I have been married for almost 2 yrs (this Nov) and am unhappy and contemplating divorce. The sad part is that a year before I got married, I was already regretting it. You see, I am Armenian, and did not like men of my culture. I was dating outside the race, and my parents were not having it. I did my own thing, but every so often their disapproval would creep up and upset me. Needless to say, I gave up, and basically dated and married the first Armenian guy (my now husband) to take interest in me. He is a very nice, polite, hard-working guy. He is also a lawyer who works all the time. I am alone in this marriage, and knowing I went into it half-assed, it just got worse, it didn't get better or convince me that I did the right thing. He is somewhat inexperienced w women (as I have come to learn), and needs help knowing that he has a wife who needs attention too. In the last 1.5 yrs of our marriage, we have gone grocery shopping together twice, and never even to the mall. We only TRY to have a date night maybe once a month and on a Saturday, so if I am working one of those Saturdays, we just don't..

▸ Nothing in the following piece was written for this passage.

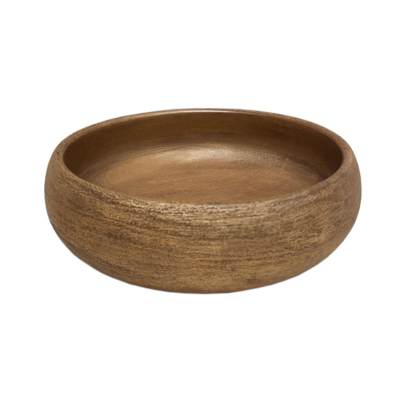 ชามผลไม้ทรงกลมทำจากไม้ธรรมชาติสำหรับห้องครัวและบนโต๊ะชามเสิร์ฟอาหารและขนมทำด้วยมือ

It's to a point where we have sex once a month, and it feels like a chore. I have brought all of this to his attention. When he kisses me in the day, its on the cheek, never tries to be sexual or anything to make me feel desirable. I brought up an example where Id like for him to grab my butt sometimes, and it's the ONLY thing he does now, almost like if I said I want my nose picked, it's the only thing he would do. I am at my wit's end. I am 30, he is 34. And I have actually, after several several mentions of this to him, we decided that if we cant make it work by the end of this year, we will divorce amicably. I am living a comfortable life, hes a lawyer, I'm a nurse, but it's perpetually boring and nothing to look forward to. I spend my days off out and about doing my own thing, and when I get home, it is usually in bed by 7pm.

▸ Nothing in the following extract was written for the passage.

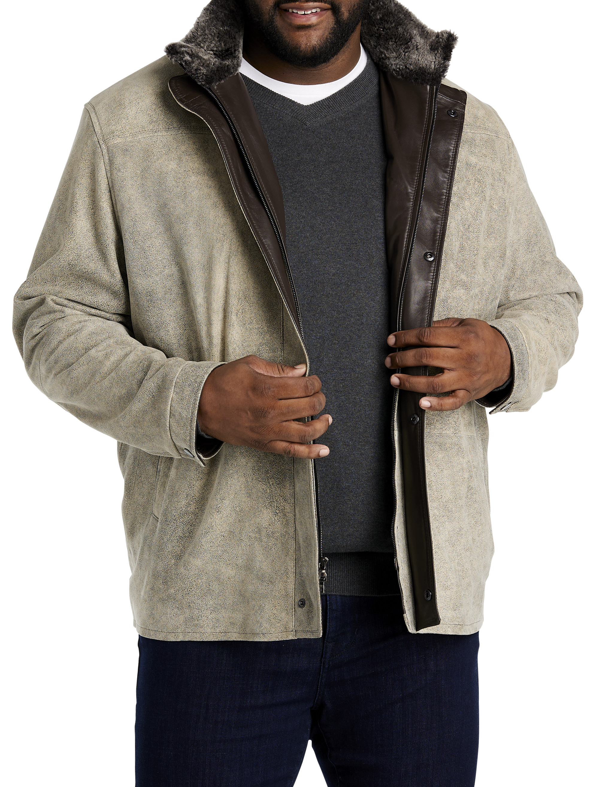 Comfort and style combine in this versatile jacket that belongs in every man's wardrobe. Made right here in the USA, production at Remy Leather is a thorough, exacting endeavor. There is an unparalleled craftsmanship, handwork and attention to detail by their professional, highly skilled staff, with each step ensuring the quality of the finished product. Here, the English domestic lambskin, tanned in Italy, is finished on the suede side. The base skin is double-dyed, with a darker second dye applied over the lighter colored base layer. Then it's buffed by hand to achieve the unique distressed appearance. It has a sophisticated double-collar design with a shearling fur collar. A bit longer than traditional jackets, it hits below the waistline and has a hidden zip-front placket and snap-button closures for a modern look. It's the perfect top layer – worn casual with jeans or elevated with dress pants – and a wise investment for years to come.

More than that, it's my parents who are having these panic attacks of the thought of my divorcing, so I honestly feel like I'm keeping this ****ing marriage together just for them.

I havent been sexually attracted to my husband in almost a year now, and how can I be when he sleeps on the couch (because according to him, he wakes up early for his work from home), and only sleeps in the bed w me once a week? He never enlightens me or teaches me anything new, so I am very alone in this marriage. I cant imagine the rest of my life being this way. As much as I wanted kids before, I don't anymore. Not even a little. What do you think I could do?

I was thinking if I divorce, to do it quietly away from my parents, and get an apt. I dont know how to ignite that spark. I married for the wrong reasons and hes a great guy, but not the guy for me. Even though he says he is trying now, I can't seem to be into it anymore.

I'm so sorry that this is long, I am very lost these days. Very depressed, very hopeless


----------



## Prodigal (Feb 5, 2011)

anneb24 said:


> More than that, it's my parents who are having these panic attacks of the thought of my divorcing, so I honestly feel like I'm keeping this ****ing marriage together just for them.


Sadly, this is the result of trying to live for, and please, someone other than yourself. Divorce your husband so both of you can find partners who are a better match. If the feelings aren't there, then they aren't there. And quit trying to pacify or please your parents. It's YOUR life, not theirs. So find a man - no matter what his cultural background - who will be the right match for you.


----------



## kclark30 (Nov 6, 2021)

You need to get divorced to make yourself happy. It's not worth it to you to spend anymore time with him when it sounds like it just isn't going to work out. You will never make others happy so stop trying. It's your life and you have to make yourself happy. I'm sure your perfect someone is just waiting for you.


----------